═══ Input data ═══

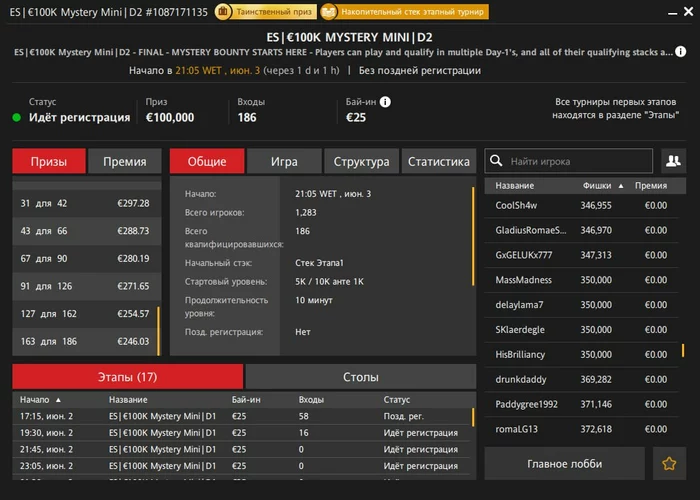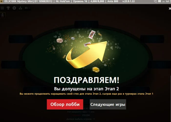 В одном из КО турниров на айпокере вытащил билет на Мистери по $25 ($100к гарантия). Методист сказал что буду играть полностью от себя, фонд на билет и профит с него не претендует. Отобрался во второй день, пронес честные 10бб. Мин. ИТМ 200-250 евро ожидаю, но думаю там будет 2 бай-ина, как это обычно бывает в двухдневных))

═══
═══ Input data ═══

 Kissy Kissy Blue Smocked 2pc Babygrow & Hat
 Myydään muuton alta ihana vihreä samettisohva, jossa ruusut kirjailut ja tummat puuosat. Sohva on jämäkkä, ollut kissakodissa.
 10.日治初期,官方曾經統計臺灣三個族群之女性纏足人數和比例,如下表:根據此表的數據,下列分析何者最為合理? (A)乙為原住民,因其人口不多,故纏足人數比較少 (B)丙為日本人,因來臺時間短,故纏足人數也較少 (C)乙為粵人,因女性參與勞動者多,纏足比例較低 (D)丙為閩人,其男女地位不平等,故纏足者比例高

═══
═══ Input data ═══

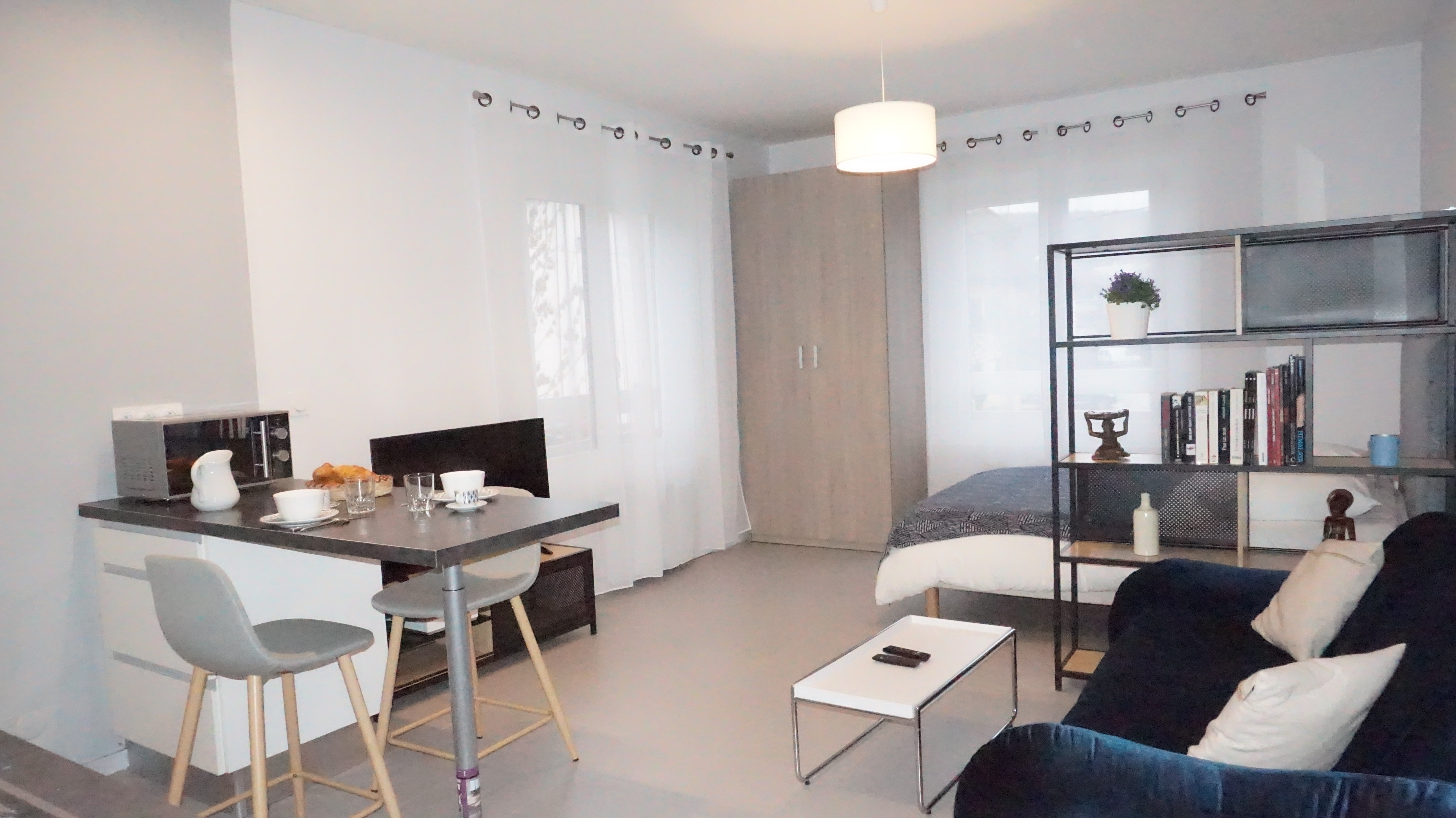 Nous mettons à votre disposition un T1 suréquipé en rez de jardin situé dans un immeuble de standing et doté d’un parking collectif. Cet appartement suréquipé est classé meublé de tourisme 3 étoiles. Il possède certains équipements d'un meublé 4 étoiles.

═══

Instructions for the task >> Your answer should be the lines of the listing above between the line holding "Kissy Kissy Blue Smocked 2pc Babygrow & Hat" and the line holding "Myydään muuton alta", inclusive, restated word for word and alone.

Answer space >>
 Kissy Kissy Blue Smocked 2pc Babygrow & Hat
 Myydään muuton alta ihana vihreä samettisohva, jossa ruusut kirjailut ja tummat puuosat. Sohva on jämäkkä, ollut kissakodissa.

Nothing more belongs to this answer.